COCKROACH EGG CASES – ARE THEY OLD OR NEW?
By Zachary Ciras on February 22, 2021.
We just moved into an apartment that was painted and supposedly sprayed for pests before our move-in. But now, as I’m putting things away in kitchen cabinets I’ve found a few small, brown, oval, papery things in corners that someone said were roach egg sacs. Yuck! I haven’t seen any roaches but does this mean that some could hatch out from unseen egg sacs?B. E., North Andover, MA
If what you are seeing are indeed cockroach egg cases, we couldn’t rule out hatching. It would depend on many variables, including how long the apartment has been empty or roach-free.

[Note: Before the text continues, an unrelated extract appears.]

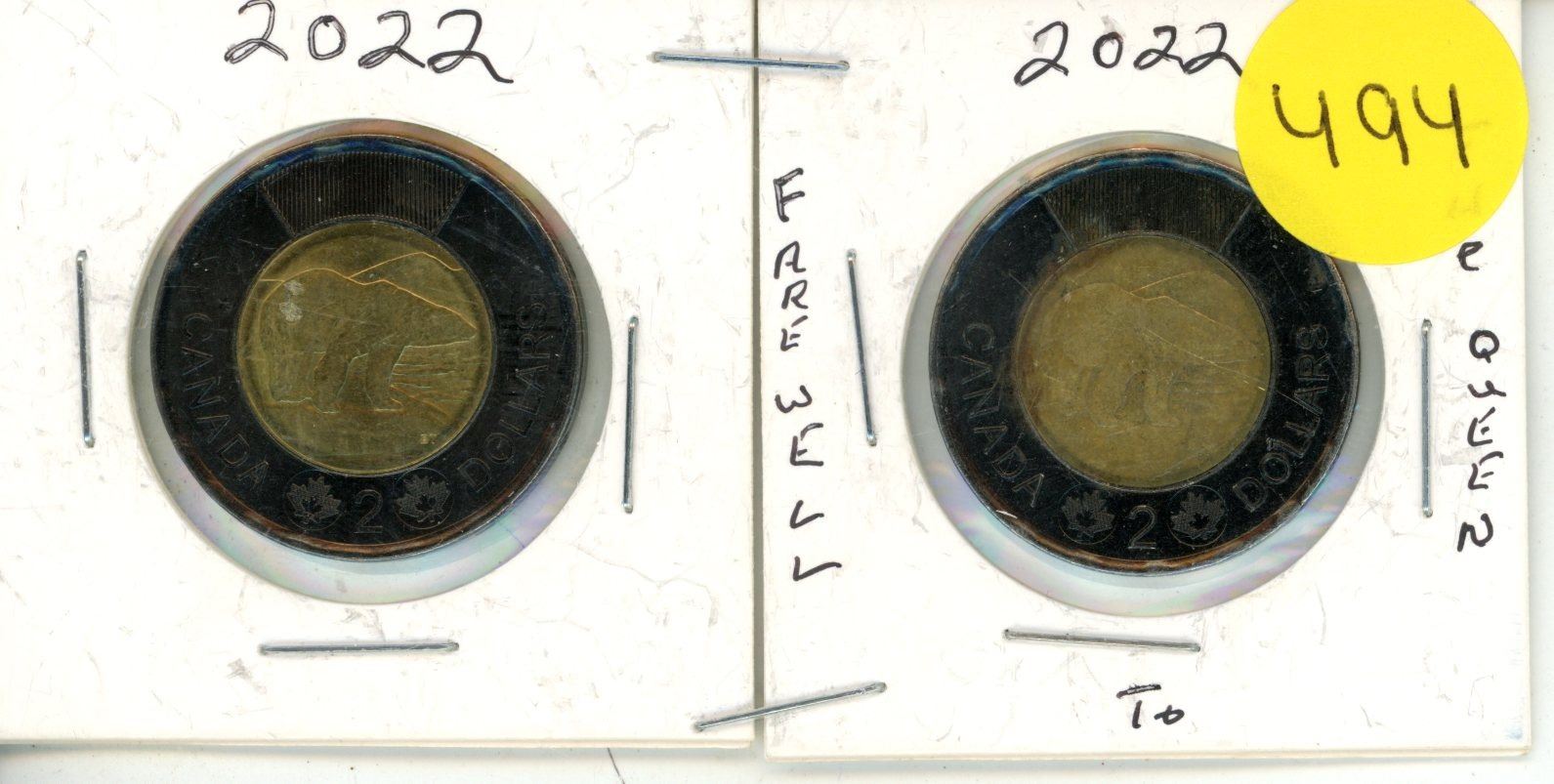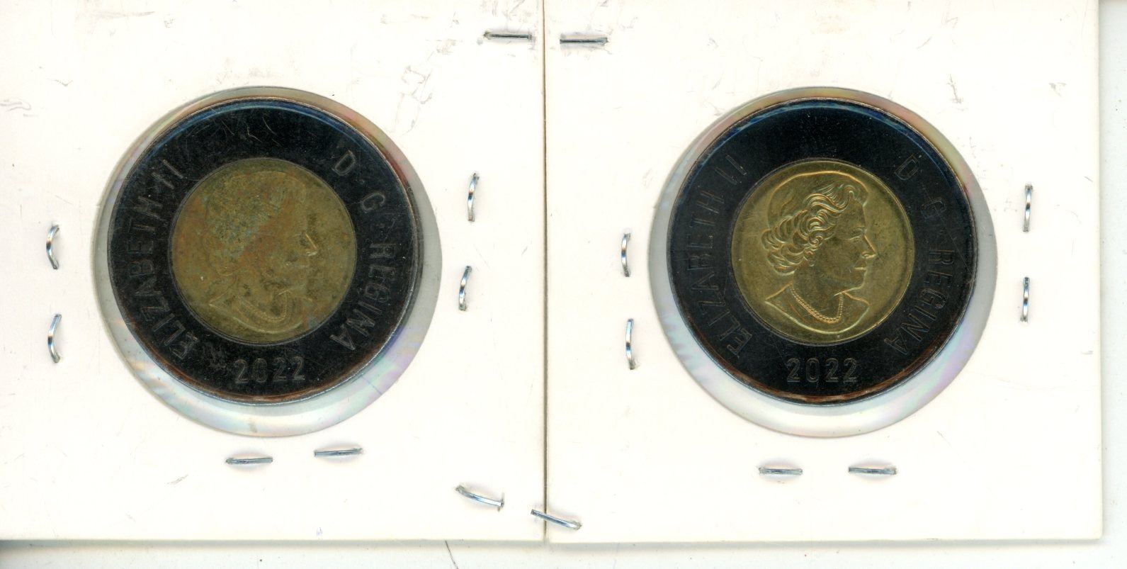 2022 Canadian Toonies x 2 , Black Rim, Farewell to the Queen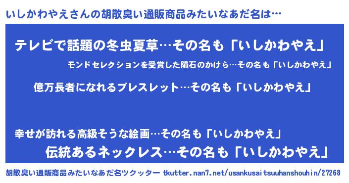 | ヘコむあだ名 | 『いしふぇ~』『いしっ子』『豆乳』 |

GERMAN COCKROACH EGG CASES CAN TAKE WEEKS TO HATCH
The most common cockroach in apartments is the German cockroach. The egg case of the German roach takes 2-3 weeks to hatch and contains 30-48 developing baby roaches. If you opened the egg case up like a suitcase, you would see 15 to 24 cockroach nymphs lined up on both the top half and the bottom half.
The German roach female carries her ¼-inch long egg case protruding from her abdomen until a few days before hatching and then deposits it in a protected place. (Most other cockroaches deposit or “glue” their egg cases in a hidden location right after they are formed.) German egg cases, therefore, would not normally be seen away from the roach mother unless they are about to hatch.
So, unless there was a very rapid turnaround between tenants we could assume that any egg cases you found are old and have already hatched – unless there are still cockroaches present in your apartment that have left egg cases recently while the unit was vacant.
Baby roaches inside egg cases are somewhat protected from insecticide sprays or fogs so the pest control service wouldn’t necessarily have killed the next generation. The cases could hatch but newborn roaches may still die if there is any insecticide residue remaining on surfaces.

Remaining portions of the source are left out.